贺媛媛 , 杨炫 , 韩慧 , 王琦琛 , 张航 . 基于蜻蜓翅几何及刚度相似性的仿生扑翼结构[J]. 航空学报, 2023 , 44(14) : 227987 -227987 . DOI: 10.7527/S1000-6893.2022.27987
At present, the research on flapping wing and flapping wing rotor micro aerial vehicles is mainly focused on the flapping mechanism design and aerodynamic characteristics analysis. The research on insect wings is mainly focused on the biological composition in micro scale, the material and mechanics. In the present study, the principal component analysis method is used to establish the relationship between the spanwise bending stiffness and the geometric parameters of insect wings. Taking the dragonfly-like flapping wing design as an example, a bionic flapping wing of geometric similarity to the structure layout of a dragonfly wing was designed. In addition, a stiffness similarity criterion for the dragonfly-like flapping wing design was established based on the experimental results of the spanwise bending stiffness of the dragonfly wings.
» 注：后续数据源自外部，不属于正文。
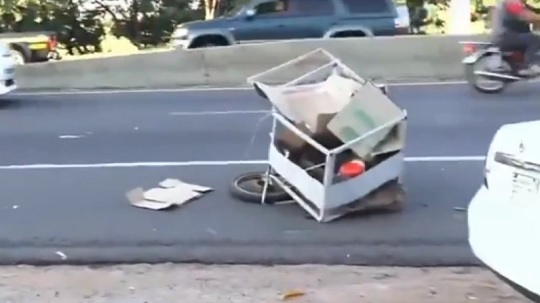 El motociclista, quien abandonó su casco protector en la escena, se dio a la fuga inmediatamente después del impacto. El carrito de metal con dos ruedas, que transportaba botellas de plástico y cartones, quedó disperso a varios metros del lugar del siniestro.

The flapping wing structure was then optimized by using the stiffness similarity criteria as a design constraint. Test samples of a flapping wing (JX-wing) of rectangular shape and only stiffness similarity to dragonfly wings, a flapping wing (JH-wing) with only geometric similarity to dragonfly wings and a flapping wing (GD-wing) of both geometric and stiffness similarity to dragonfly wings were manufactured. Aerodynamic lift forces of those flapping wings were measured in the flapping frequency range of 5-15 Hz based on a flapping wing rotor test platform. The test results show that the GD-wing of both geometric and stiffness similarity can generate 25% higher lift than the rectangular JX-wing of only stiffness similarity at 12.5 Hz flapping frequency. The lift produced by the GD-wing of both geometric and stiffness similarity is close to the JH-wing of only geometric similarity when the flapping frequency is below 6.5 Hz, but increased to at least twice larger than the JH-wing when the flapping frequency is above 8 Hz. The flapping wing structure design method based on both geometric similarity and stiffness similarity provides a pass-way to improve the aerodynamic lift and efficiency of flapping wing and flapping wing rotor.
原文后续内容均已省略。